After 15 iterations, the fitness curve converged and fell into a precocious state. Since IASO was added with a new covalent bond force based on ASO, the positions of atoms were updated from both the individual and the global optimal solution. An adaptive updating strategy was also introduced for the parameters that measure global search and local search. IASO still showed good performance in the middle and late stages. By comparing the fitness curves under 3 different resolutions, we can see that IASO showed a good convergence ability on small-scaled images. This means that IASO is more adaptive when the number of dimensions of features is small. Since the chaotic mechanism was used in atom initialisation in CIASO-SA, the robustness of initial values is strong. The convergence speed of IASO in the early stage is faster than that of ASO and CIASO-SA, but since the simulated annealing method was utilised, CIASO-SA showed a stronger ability to jump out of the local optimal solution in the later stage. In most cases, better fitness values can be obtained compared to IASO. The performance of CIASO-SA in terms of feature maps in each scale is better than ASO and IASO.

Figure 7 shows the histograms with error lines of the classification accuracy. On the feature map with 16 × 16 resolution, CIASO-SA achieved the best performance on the imaginary fusion map. On the feature map with 32 × 32 resolution, the imaginary part and module of Gabor features contributed similarly to age classification. CIASO-SA achieved the highest accuracy at classification, where the accuracy of the imaginary part and module are 47.7 ± 1.1 and 45.66 ± 2.6, respectively. On the feature map with 48 × 48 resolution, the real part of the Gabor features contributed the most to age classification, where the accuracy of that of CIASO-SA is 60.4 ± 1.2. By comparison, the classification accuracy tends to increase with the increase of the scale of feature maps.

[IMAGE OMITTED. SEE PDF]

Figure 8 shows the histogram, which compares the number of selected features in each algorithm under different scales. For feature maps of the real part with 48 × 48 resolution, the numbers of selected features in CIASO-SA, ASO, and IASO were 714, 721, and 730, respectively. CIASO-SA had the least number of selected features. On the Gabor feature maps of the imaginary part, the numbers of selected features in CIASO-SA, ASO, and IASO are 684, 745, and 715, respectively. Tables 6–8 describe the results obtained by ASO, IASO and the proposed CIASO-SA. In the tables, we report the influence of three feature selection algorithms on classification accuracy and length of selected features. Those illustrate that in high-dimensional spaces, CIASO-SA has a better ability in searching for the optimal solution than ASO and IASO. On the small-scale feature maps with 16 × 16 and 32 × 32 resolutions, the numbers of selected features do not greatly differ in CIASO-SA, ASO, and IASO. Thus, in the later stage of facial age classification, we choose the real part of Gabor with 48 × 48 resolution as the age feature vector, then select features by CIASO-SA.

[IMAGE OMITTED. SEE PDF]

TABLE 6 Recognition accuracy with No feature selection (FS) versus atom search optimisation (ASO)
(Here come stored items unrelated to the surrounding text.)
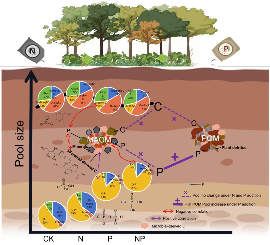 Based on a long-term nitrogen–phosphorus addition experiment established in 2009 at the Xiaoliang Tropical Coastal Ecosystem Research Station, the research team integrated solid-state ¹³C NMR, liquid-state ³¹P NMR spectroscopy, and soil organic carbon fractionation techniques. Together, these approaches allowed a systematic assessment of carbon and phosphorus concentrations and their chemical speciation within two functional soil carbon pools: particulate organic matter (POM) and mineral-associated organic matter (MAOM). POM originates mainly from plant residues and turns over relatively quickly, whereas MAOM is derived largely from microbial transformation products stabilized through mineral associations. These pools jointly determine the persistence of soil organic carbon.
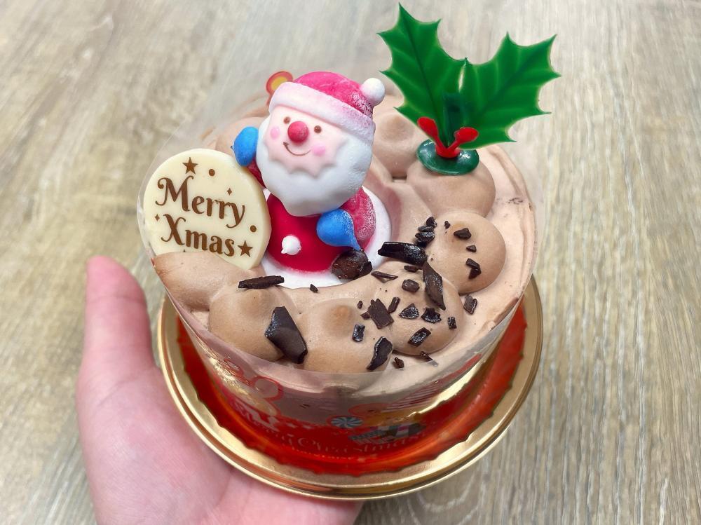 こちらが、いま話題のケーキ「Xmasハッピーサンタクロース」。2種類の味がある中、今回はチョコをチョイスしてみました。
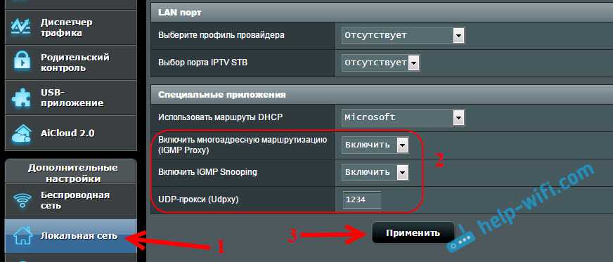 - Напротив «Включить IGMP Snooping» так же выбираем «Включить». Тем самым включаем Multicast на роутере Asus
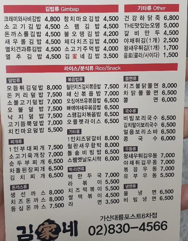 [가산디지털단지] 김가네 - 라볶이, 김가네김밥
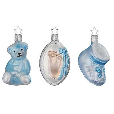 Inge Glas 3.0 Inch Welcome Baby Blue Set/3 , Bootie Footprint Teddy Bear (3PC)
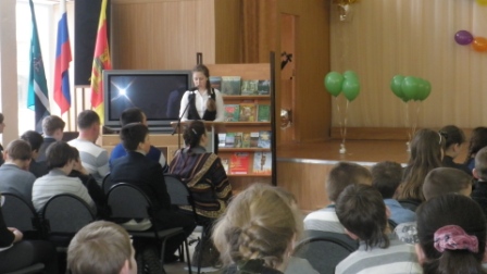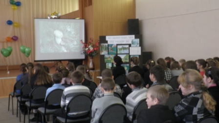 Учащиеся приняли участие в конкурсах рисунков на темы «Леса и их обитатели», «Мир заповедной природы» (лучшие работы - Сниткиной Елизаветы, 7а кл., Миненковой Анны, 5а кл., Никоновой Дианы, 5в кл., Мекшун Данилы, 5в кл., Кулакова Александра, 7а кл.). В викторине о природе «Всезнайка» для 5-6 классов самым активным признан 6а класс, а победительницей стала Яковлева Алина.
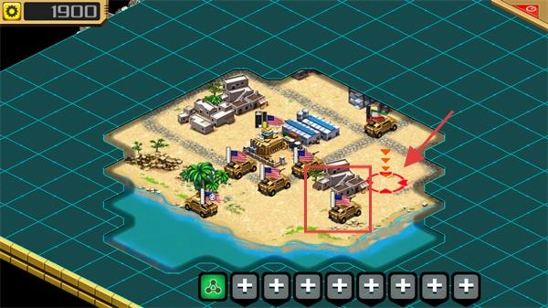 4、当触发【横冲直撞】这类特效时,要集中火力攻击敌方较为密集的目标,与此同时去占领敌方基地(即红色箭头所指的位置),以此达成关卡的目标。
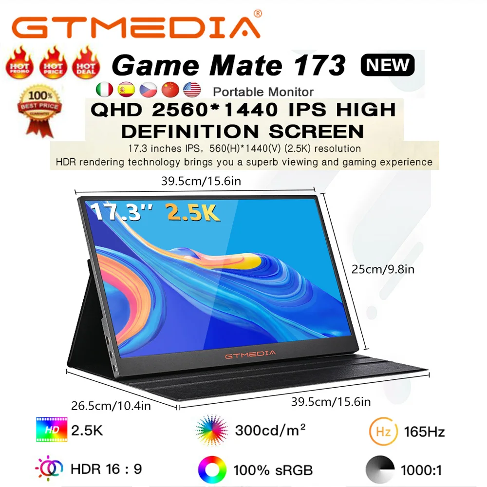 [Genuino]Juego GTMEDIAMATEMÁTICO 173 17,3 pulgadas 2.5KPantalla portátil de 144 HZ, pantalla de juego de 2560*1440 para teléfono portátil, Xbox PS4/5 Switch PK 173F
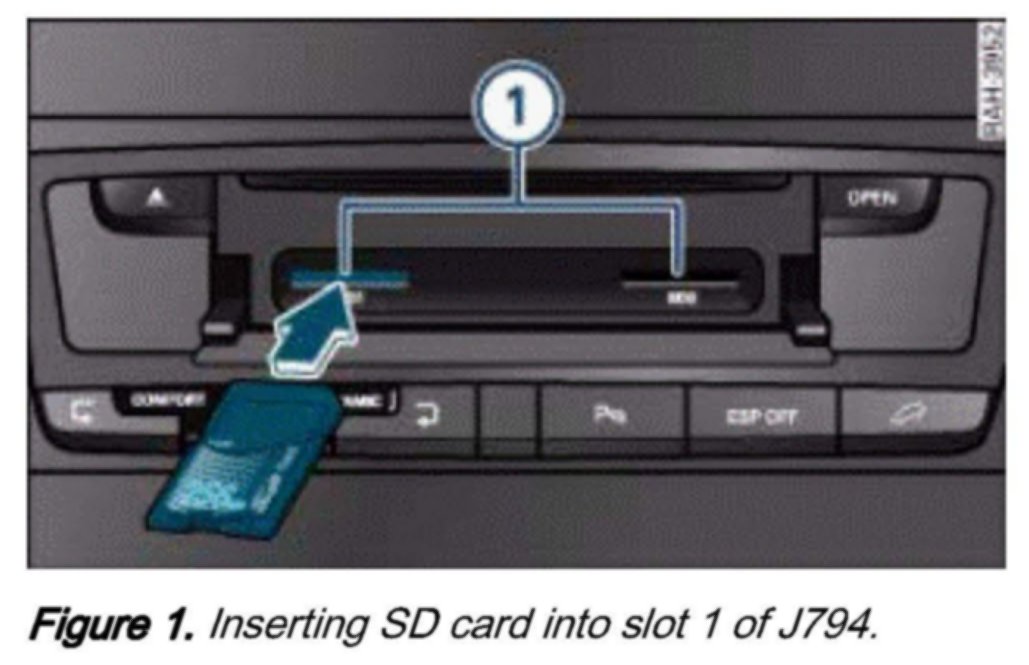 3. Insert the Navigation data SD card into SD slot 1 of the MMI main unit J794 located in the center of the instrument panel (glove box in A6 models).
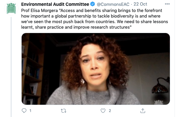 Prof Elisa Morgera (University of Strathclyde), was invited to give oral evidence to the UK House of Commons Environmental Audit Committee on 22 October 2020 as part of an inquiry into the pressing need to address biodiversity loss and the ongoing international on a post-2020 global biodiversity framework (see terms of reference for the inquiry here .)

Resolution	Gabor component	Recognition accuracy using total features (in %)	Recognition accuracy using selected features (in %)	Length of selected features	Improvement in recognition accuracy (in %)	Reduction in feature length
16 × 16	Real	29.56	27	62	−2.56	98
16 × 16	Imaginary	25.91	30.2	62	4.29	98
16 × 16	Modulus	22.99	29.93	78	6.94	82
32 × 32	Real	43.07	43.21	345	0.14	295
32 × 32	Imaginary	45.99	44.25	317	−1.74	323
32 × 32	Modulus	38.32	40.32	269	2	371
48 × 48	Real	45.07	46.32	721	1.25	719
48 × 48	Imaginary	44.34	50.21	745	5.87	695
48 × 48	Modulus	43.34	48.99	724	5.65	716

TABLE 7 Recognition accuracy with No FS versus improved atom search optimisation (IASO)

Resolution	Gabor component	Recognition accuracy using total features (in %)	Recognition accuracy using selected features (in %)	Length of selected features	Improvement in recognition accuracy (in %)	Reduction in feature length
16 × 16	Real	29.56	28.71	84	−0.85	76
16 × 16	Imaginary	25.91	33.12	77	7.21	83
16 × 16	Modulus	22.99	28.93	75	5.94	85
32 × 32	Real	43.07	42.33	333	0.74	307
32 × 32	Imaginary	45.99	48.7	317	2.71	323
32 × 32	Modulus	38.32	43.86	321	5.54	319
48 × 48	Real	45.07	56.32	730	11.25	710
48 × 48	Imaginary	44.34	53.99	715	9.65	725
48 × 48	Modulus	43.34	53.68	729	10.34	711

TABLE 8 Recognition accuracy with No FS versus chaotic improved atom search optimisation with simulated annealing (CIASO-SA)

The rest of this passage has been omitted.